Les satellites et sondes spatiales ont 3 grands ennemis. La contamination particulaire avec la poussière, chimique avec la dégradation des matériaux et biologique avec la vie microbienne. Il en va du succès des missions et de la fiabilité des résultats scientifiques. Delphine Faye, ingénieur contamination au CNES, nous fait découvrir ce dont le spatial dispose pour lutter contre tous ces dangers invisibles.

En guerre contre la poussière

Préparation en chambre stérile de Supercam (Mars 2020), IRAP à Toulouse le 29 avril 2019 © CNES

La première barrière contre la contamination consiste à travailler en salle propre (aussi appelée salle blanche). C’est un environnement dont la température, l’humidité et la pression sont rigoureusement contrôlées. À l’intérieur, une pression supérieure à la pression atmosphérique sert à éviter que des particules en suspension dans l’air ne rentrent avec le personnel : l’air ne circule que dans un seul sens, vers l’extérieur.

« On peut faire une cascade de pression entre le sas et la salle propre et même avec d’autres zones dans la salle propre, explique Delphine Faye. Ce sont des salles relativement grandes, classées ISO 8 voire ISO 5 selon les normes de propreté. Mais les salles propres ne sont qualifiées qu’en termes de propreté particulaire de l’air, avec des compteurs de particules. Dans le spatial on va plus loin que ça, on doit s’intéresser à ce qui tombe et sédimente sur les surfaces. »

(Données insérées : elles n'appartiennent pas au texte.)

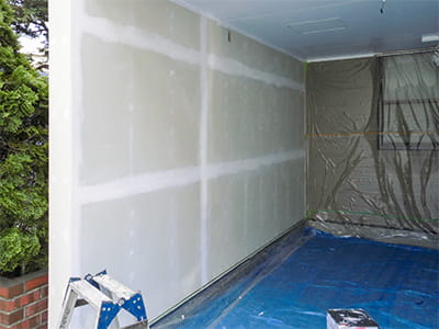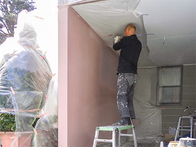 吹き付け塗装で仕上げます。補強箇所が目立ちすぎないよう、既存の壁と似た雰囲気の塗装を選びました。
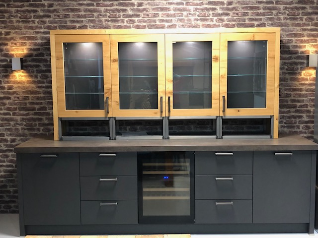 De glaskasten zijn van robuust hout en de onderkasten zijn ultra mat zwart.

Delphine Faye, experte contamination au CNES

Pour cela, Delphine Faye utilise des plaques, appelées témoins, exposées à l’environnement pour collecter les contaminants qui seront analysés en lumière infrarouge.

« Les témoins sont généralement des miroirs disposés dans les salles propres. Nous transférons ce qui s’est déposé sur un substrat transparent aux infrarouges, le séléniure de zinc. Dessus, nous recherchons 4 types de contaminants : les hydrocarbures, les esters (exemples : phtalates) et 2 types de silicones. Cela nous donne des concentrations surfaciques en grammes par mètre carré, et nous comparons ces valeurs à celles que nous nous étions données au départ. Il y a des témoins contrôles dans la salle que nous remplaçons tous les 10-15 jours, et d’autres à proximité du satellite. Et nous pouvons être amenés à faire des prélèvements directement sur les surfaces. Pour le moment c’est donc de la collecte passive, mais des capteurs sont en train d’être développés pour faire de la collecte en temps réel dans les salles propres. »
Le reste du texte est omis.